**Assignment:**
Your copy should hold every record exactly and no images.

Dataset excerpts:
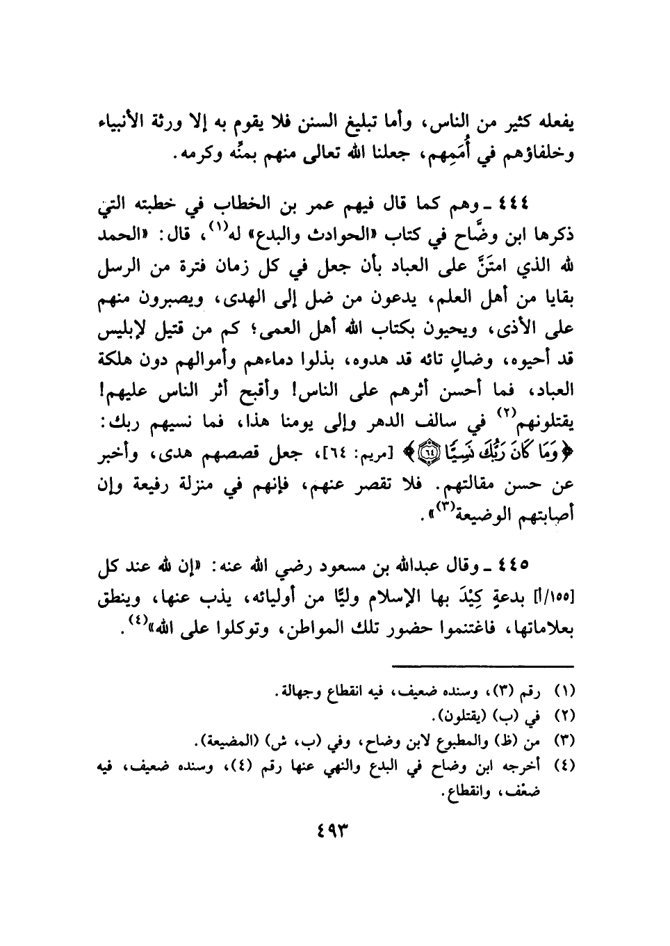 (¬٤) أخرجه ابن وضاح في البدع والنهي عنها رقم (٤)، وسنده ضعيف، فيه ضعْف، وانقطاع.
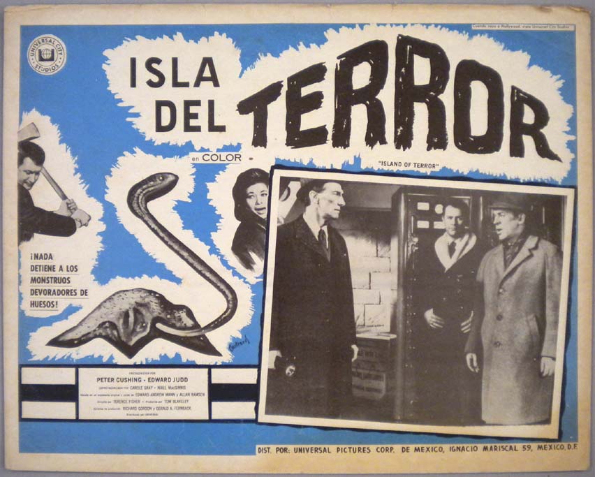 Classic Mexican jumbo lobby card (12.5x16.25") from the 1964 Hammer sci-fi / horror film, THE EVIL OF FRANKENSTEIN, which starred Peter Cushing, Peter Woodthorpe, Duncan Lamont, Sandor Eles and Katy Wild. $20 |
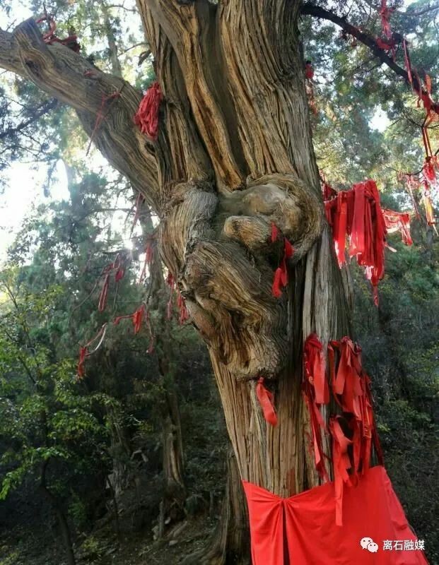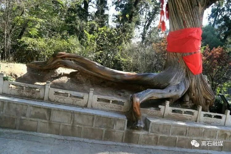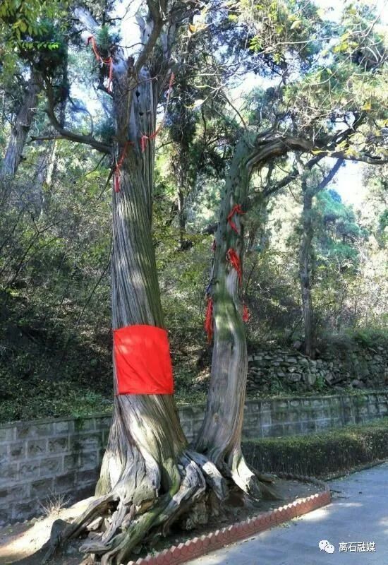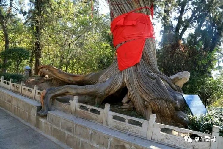 牛头柏:根部树围1.07米,该树西南裸露着树根,形似牛头,双角弯曲有致,门面广阔扁平,朗目微睁,其头圆乎乎、胖墩墩、毛茸茸,悠然处得憨态可掬。
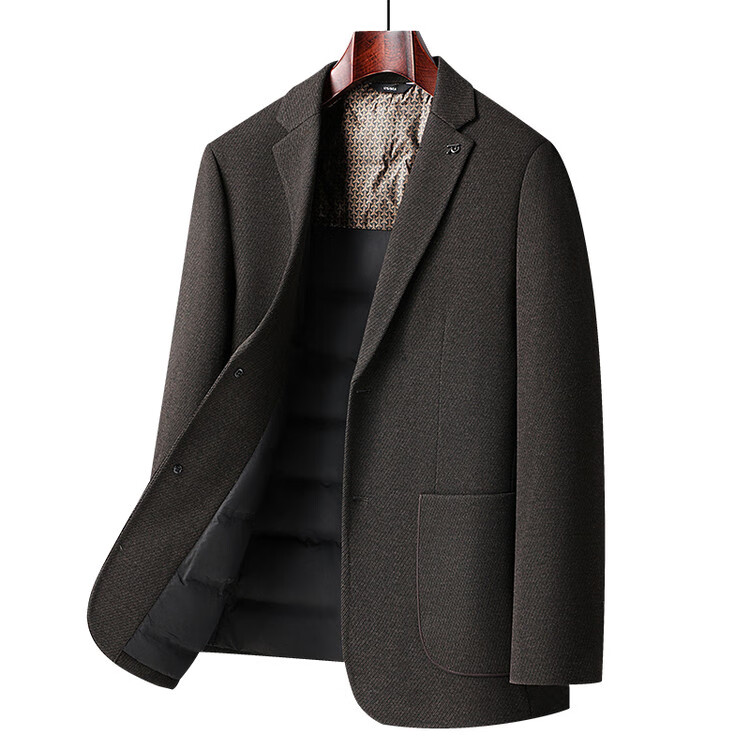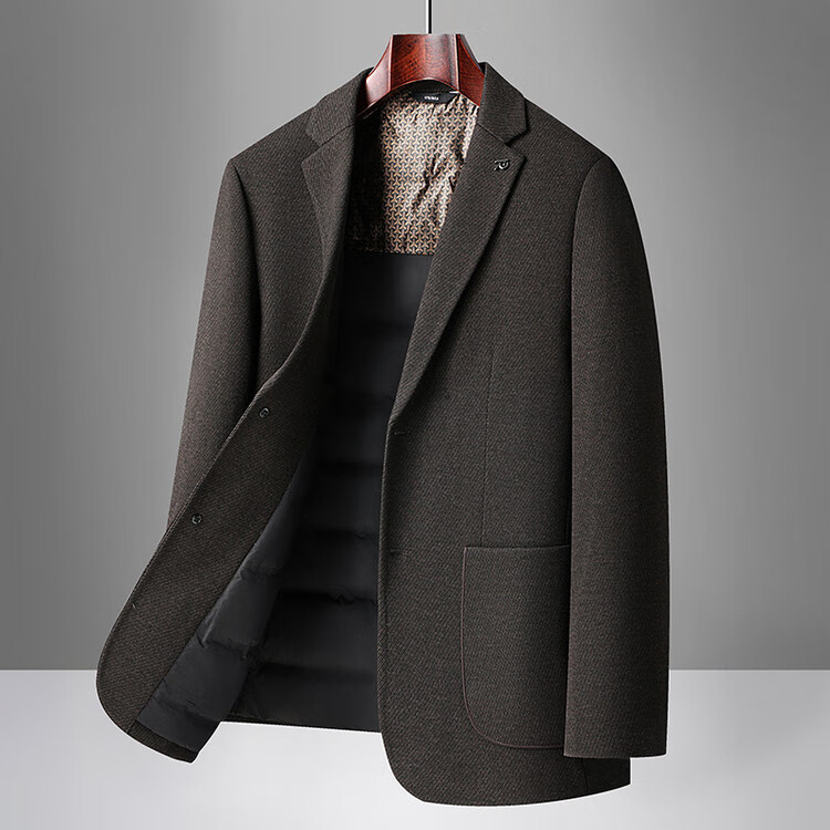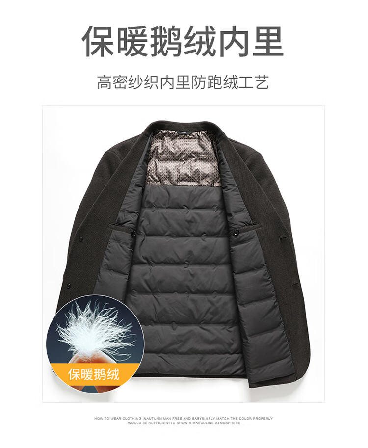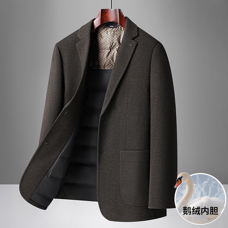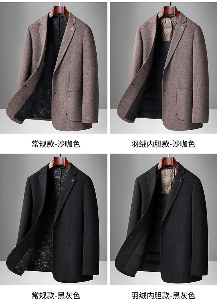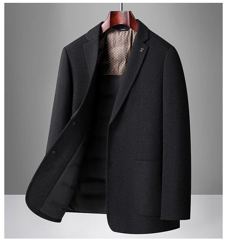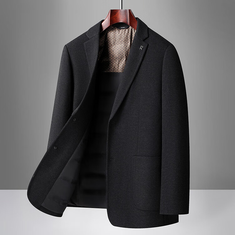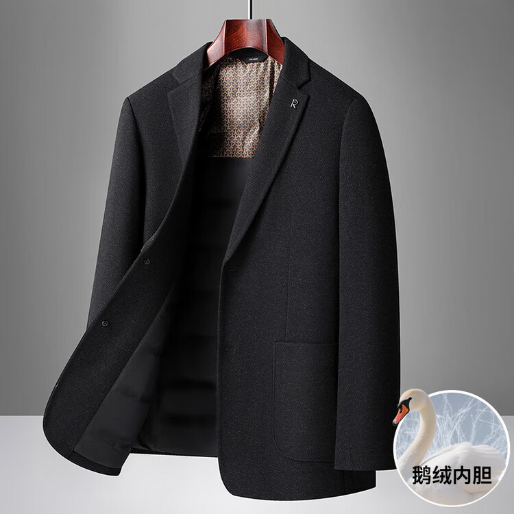 Red bean sheep wool + goose down men's suit autumn and winter warm plus plus size men's single suit woolen jacket black gray thick section M 170
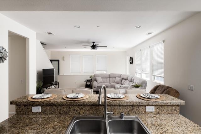 Beautifully updated corner unit townhome in the highly sought-after Treviso community! Step inside to discover an exquisite, open-concept living space featuring two expansive bedrooms and 2.5 pristine bathrooms. The modern kitchen, complete with sleek granite countertops and an island bar, is perfect for both entertaining and intimate gatherings. High ceilings and large windows flood the home with natural light, creating an inviting ambiance that will captivate your guests. The upper level unveils two generously sized bedrooms, each boasting their own ensuite full bath and walk-in closets, offering the ultimate blend of comfort and luxury. Abundant storage and convenience await you in this 2-car garage with dual entries, ensuring effortless access. Don't miss this exceptional opportunity to live your best life in this bright and spacious corner unit townhome that truly has it all!

**The answer:**
 (¬٤) أخرجه ابن وضاح في البدع والنهي عنها رقم (٤)، وسنده ضعيف، فيه ضعْف، وانقطاع.
 Classic Mexican jumbo lobby card (12.5x16.25") from the 1964 Hammer sci-fi / horror film, THE EVIL OF FRANKENSTEIN, which starred Peter Cushing, Peter Woodthorpe, Duncan Lamont, Sandor Eles and Katy Wild. $20 |
 牛头柏:根部树围1.07米,该树西南裸露着树根,形似牛头,双角弯曲有致,门面广阔扁平,朗目微睁,其头圆乎乎、胖墩墩、毛茸茸,悠然处得憨态可掬。
 Red bean sheep wool + goose down men's suit autumn and winter warm plus plus size men's single suit woolen jacket black gray thick section M 170
 Beautifully updated corner unit townhome in the highly sought-after Treviso community! Step inside to discover an exquisite, open-concept living space featuring two expansive bedrooms and 2.5 pristine bathrooms. The modern kitchen, complete with sleek granite countertops and an island bar, is perfect for both entertaining and intimate gatherings. High ceilings and large windows flood the home with natural light, creating an inviting ambiance that will captivate your guests. The upper level unveils two generously sized bedrooms, each boasting their own ensuite full bath and walk-in closets, offering the ultimate blend of comfort and luxury. Abundant storage and convenience await you in this 2-car garage with dual entries, ensuring effortless access. Don't miss this exceptional opportunity to live your best life in this bright and spacious corner unit townhome that truly has it all!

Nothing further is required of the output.